Turning now to FIGS. 32 and 33, the flowcharts of FIG. 32 and FIG. 33 include the steps that can be performed using the system 700 depicted in FIG. 7, including certain steps that can be carried out by the SEM 701 and certain other steps that can be carried out by the information handling system (IHS) 750 and its included processor 755 and storage 760, both as described in detail herein. Instructions can be stored in storage 760 that, when executed by the processor, cause the processor to perform the methods disclosed herein and described by the flowcharts of FIG. 32 and FIG. 33, in analogous fashion as other instructions stored in storage 760 that implement the inverse linescan model metrology tool 765 described herein.

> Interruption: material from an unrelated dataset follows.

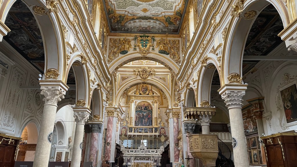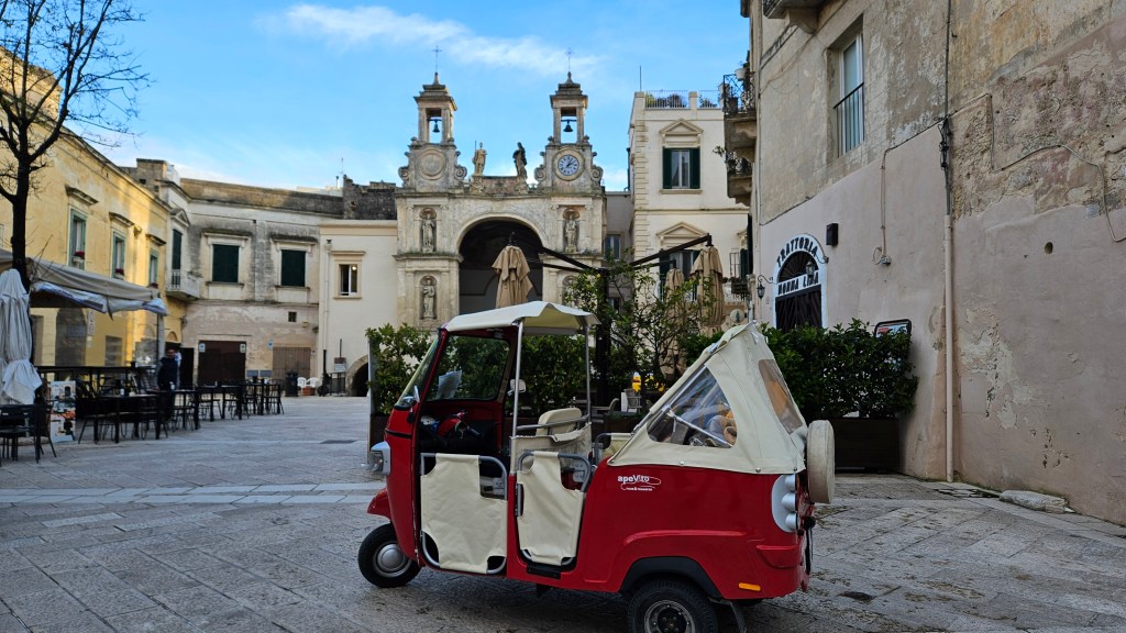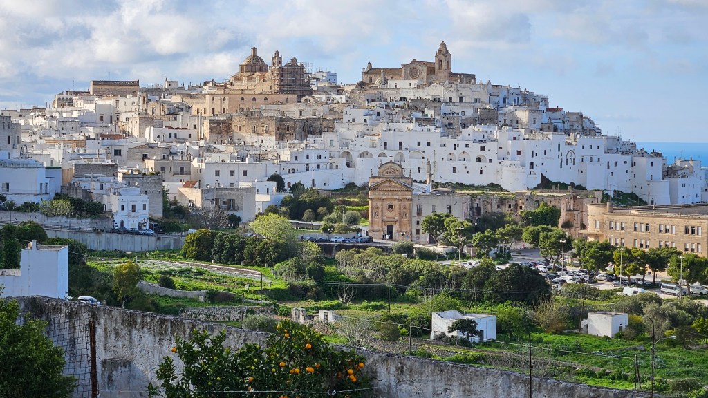 Next, we drove to Ostuni, a hilltop town known for its whitewashed buildings behind fortified walls. The drive was lined with Olive trees, some of them a few hundred years old. Strolling into the town with narrow streets winding up and down the hill filled with houses/buildings was a cool experience. One of the so-called “Instagram-famous” colorful doors didn’t quite live up to the hype, but the Duomo di Santa Maria and nearby gelato stop made up for it. On the way out of the city, we ventured into the newer part of the town on top of the nearby hill that provided a panoramic view of iconic fortified city of Ostuni.

FIG. 32 is a flowchart that depicts a representative process flow to determine unbiased parameters from biased parameters and measurement of edge detection noise.

The method 3200 starts (block 3202) and determines, by a processor 755, a measurement of edge detection noise. The method proceeds to receive a measurement of a biased parameter (LCDU, LPPE, LEPE, etc.) including measurement noise (block 3204). Based on the measurement of edge detection noise and a number of measurement points, the method determines a contribution of edge detection noise to the biased parameter (block 3206). This contribution of noise to one feature parameter is generally the edge detection noise divided by the square root of the number of independent edge measurement points that contribute to the one feature parameter. The method may determine an unbiased parameter by subtracting the contribution of noise from the biased parameter including the measurement noise (block 3208). The method may proceed to output the unbiased parameter (block 3210). Thereafter, the method ends (block 3210).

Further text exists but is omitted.